+++ Data records +++
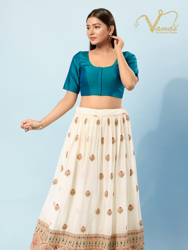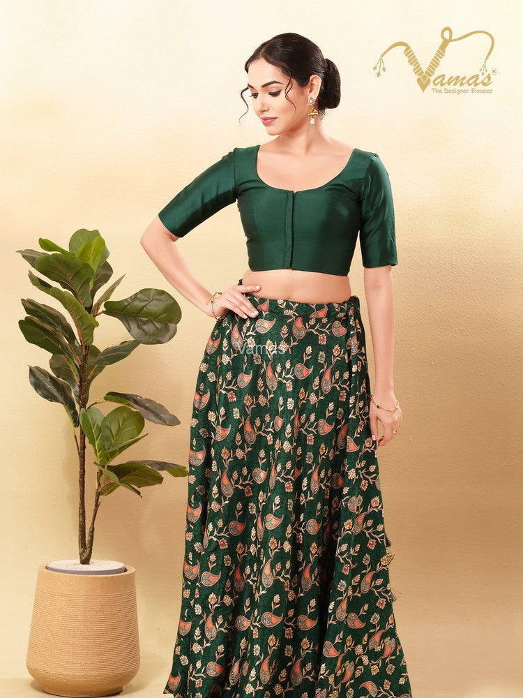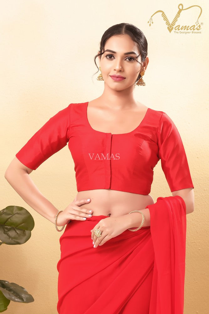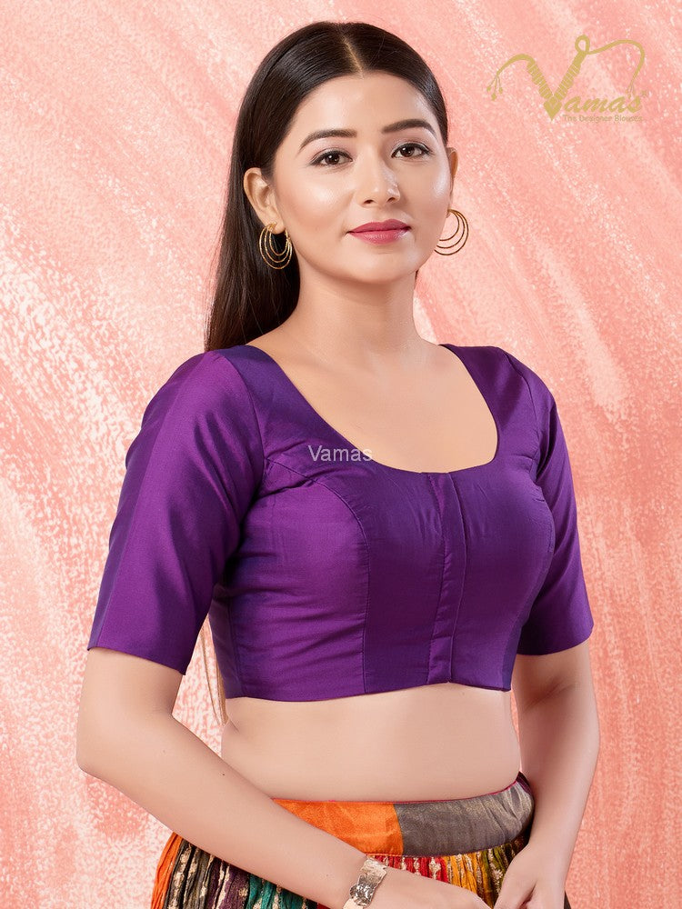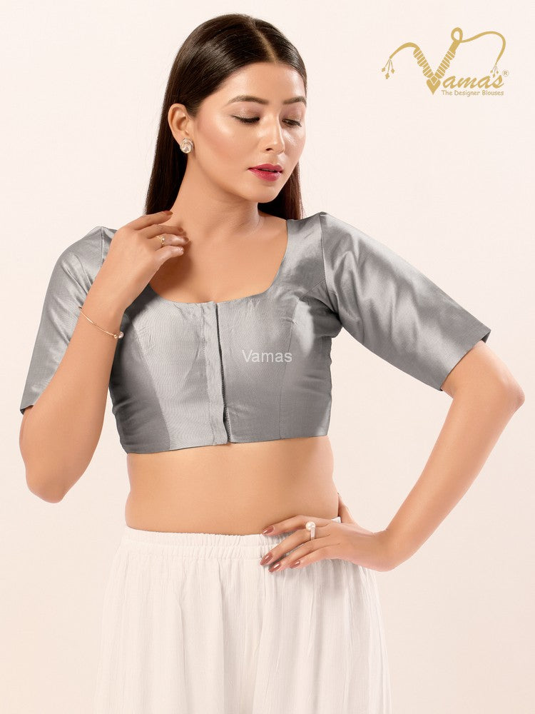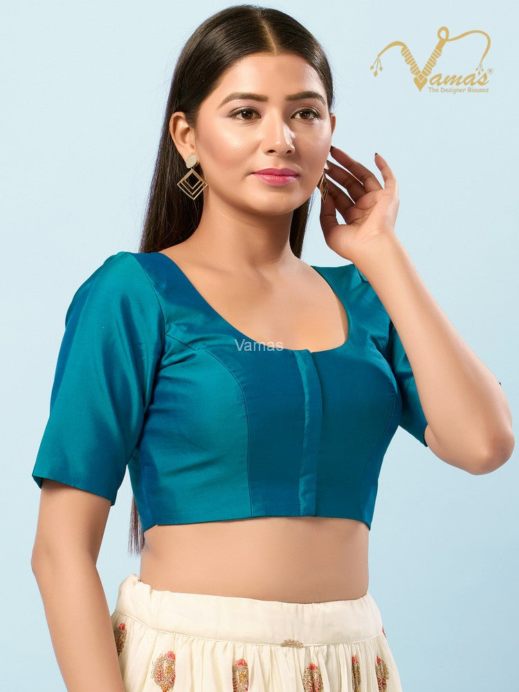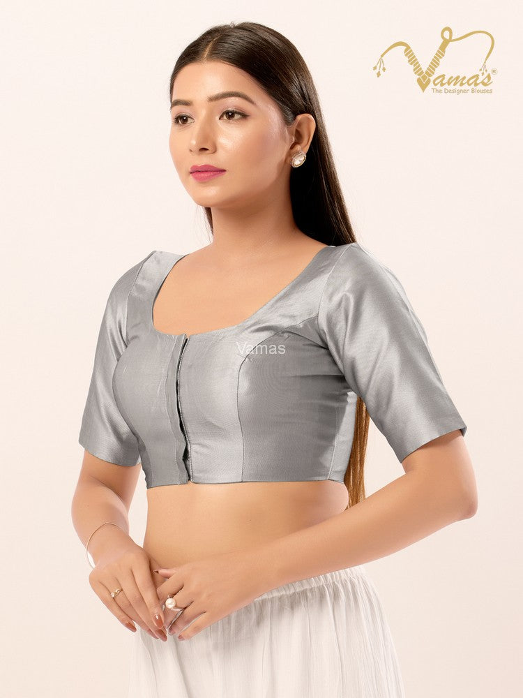 Vamas Women's Brocade Padded Front Open Elbow Sleeves Saree Blouse, This Is A Fully Stitched Ready-Made Padded Saree Blouse With Elbow Sleeves, Size Tip: We recommend buying a size bigger than your actual inner garment size (If your size is 32, then go for 34), 3 Openable Margin Stitches Of Approx. 2 Inches Available On Both Sides For Any Future Alterations, Care Instruction : Dry Clean Only.
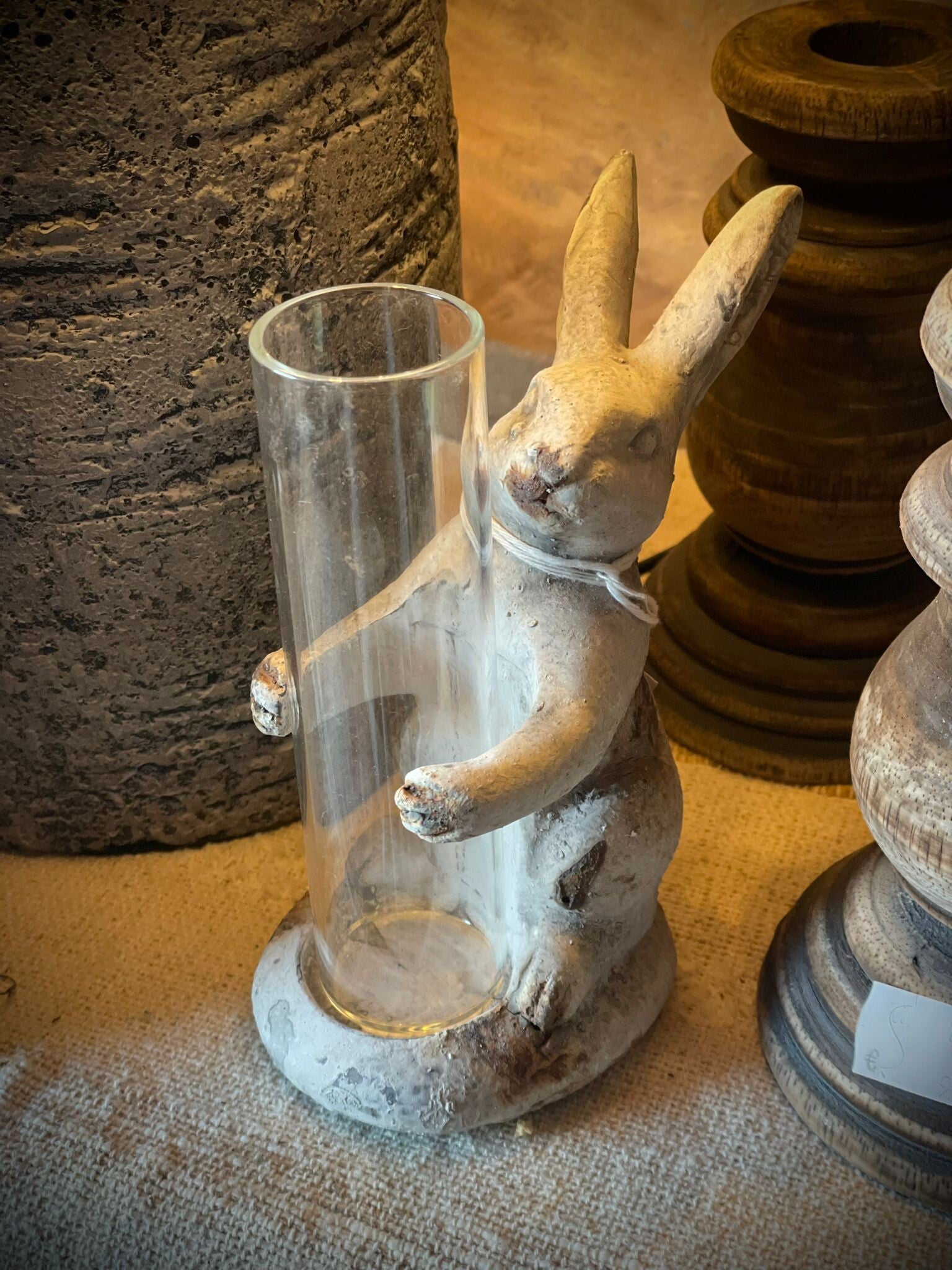 Stenen konijn met vaasje.
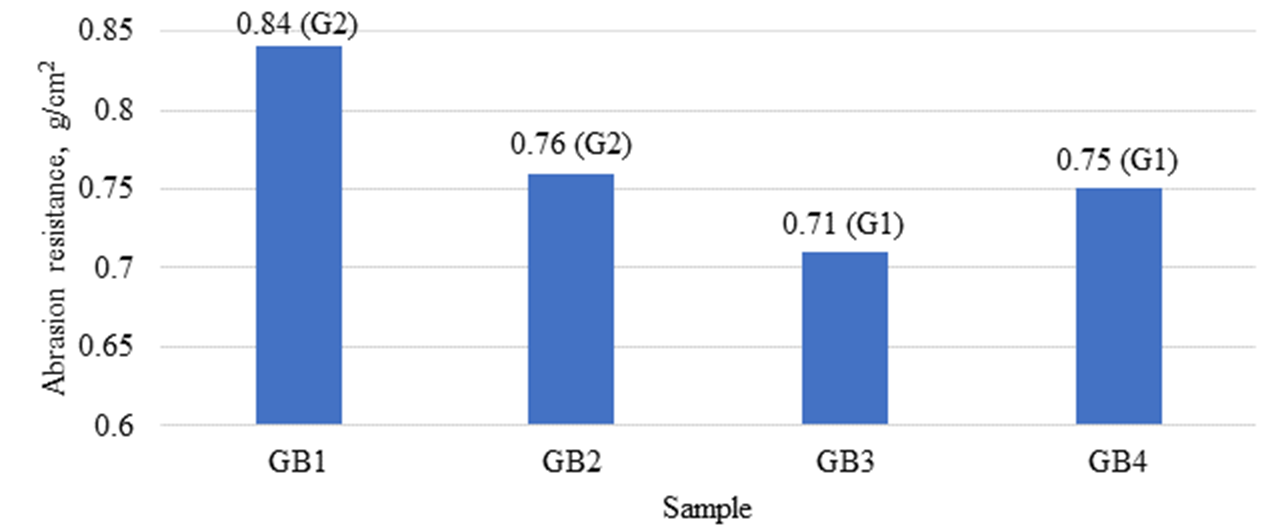 Abrasion resistance results (mass-loss method) indicate that sodium sulfonate improves wear resistance by reducing the abrasion value from 0.84 g/cm² (GB1, grade G2) to as low as 0.71 g/cm² (GB3, grade G1) (Figure 5).
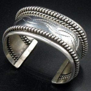Crafted in heavy sterling silver, this wonderful Navajo bracelet was made by a member of the Tahe family from northern Arizona. The heavy sterling cuff features stamped accents and raised twisted cables. It measures 1 3/8" wide and weighs 73 grams. The bracelet measures just a hair over 2 1/8" in diameter with an opening of 1 1/8", fitting a small to medium wrist.
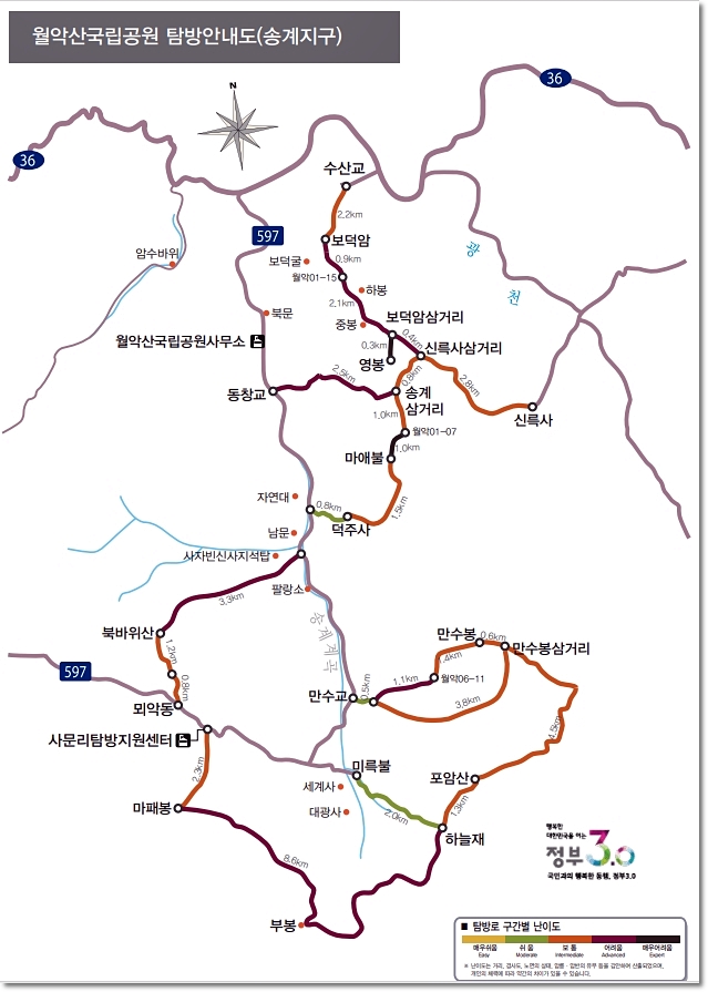 ◈ 월악산 등산코스 송계지구 등산지도 ◈
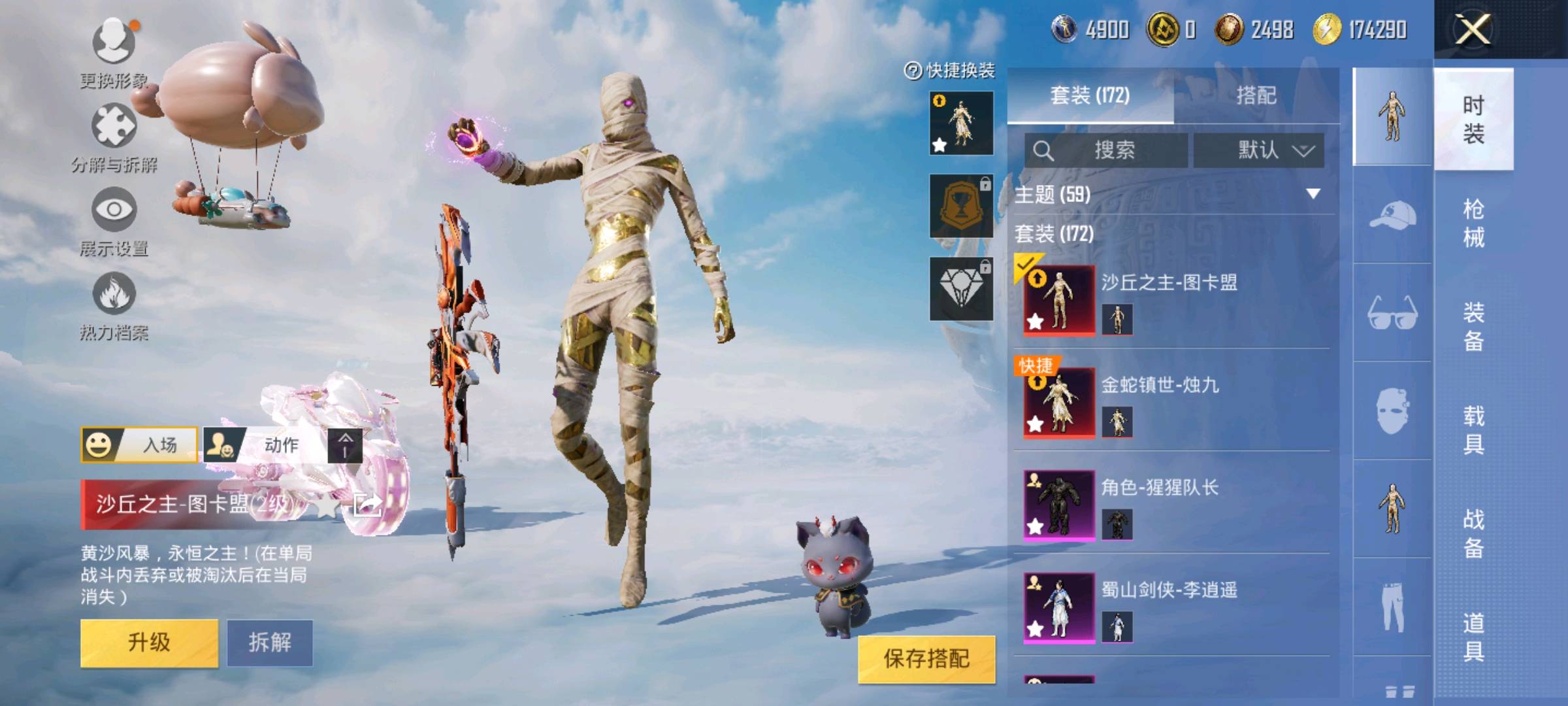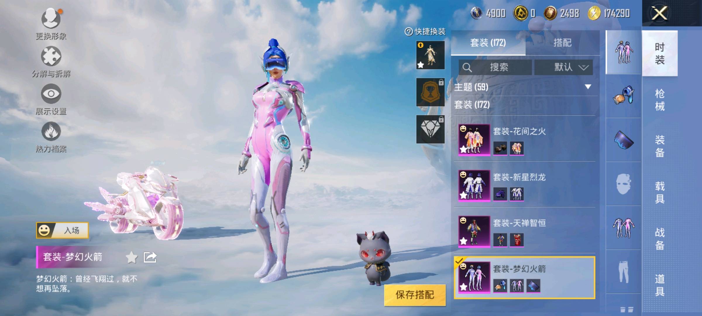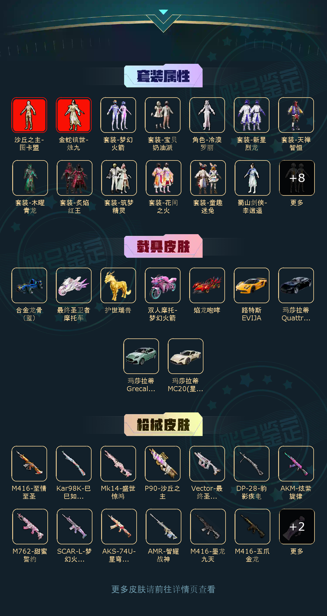 21粉,9载具,172套装,13王牌印记,传奇王牌13星历史最高段,94221热力值 SCAR-L-梦幻火箭/M416-五爪金龙/AKM-炫紫旋律/M416-墨龙九天/M416-至情至圣/M762-甜蜜誓约/Mk14-盛世惊鸿/AKS-74U-星穹咏叹调/Vector-最终圣卫者/P90-沙丘之主/烟雾弹-丁香清露/破片手榴弹-热量炸弹/Kar98K-巳巳如意/AMR-智耀战神/玛莎拉蒂Quattroporte夜幕蓝/玛莎拉蒂Grecale(薄荷绿)/焰龙咆哮/合金龙骨(蓝)/路特斯EVIJA(星际黄)/玛莎拉蒂MC20(星石白)/护世瑞兽/双人摩托-梦幻火箭/最终圣卫者摩托车/
+++
What is expected: Starting from the line that has "송계지구 등산지도 ◈" and ending at the last line of the material above, every line should be output exactly; pictures are dropped and nothing else appears.

Reply to the task:
 ◈ 월악산 등산코스 송계지구 등산지도 ◈
 21粉,9载具,172套装,13王牌印记,传奇王牌13星历史最高段,94221热力值 SCAR-L-梦幻火箭/M416-五爪金龙/AKM-炫紫旋律/M416-墨龙九天/M416-至情至圣/M762-甜蜜誓约/Mk14-盛世惊鸿/AKS-74U-星穹咏叹调/Vector-最终圣卫者/P90-沙丘之主/烟雾弹-丁香清露/破片手榴弹-热量炸弹/Kar98K-巳巳如意/AMR-智耀战神/玛莎拉蒂Quattroporte夜幕蓝/玛莎拉蒂Grecale(薄荷绿)/焰龙咆哮/合金龙骨(蓝)/路特斯EVIJA(星际黄)/玛莎拉蒂MC20(星石白)/护世瑞兽/双人摩托-梦幻火箭/最终圣卫者摩托车/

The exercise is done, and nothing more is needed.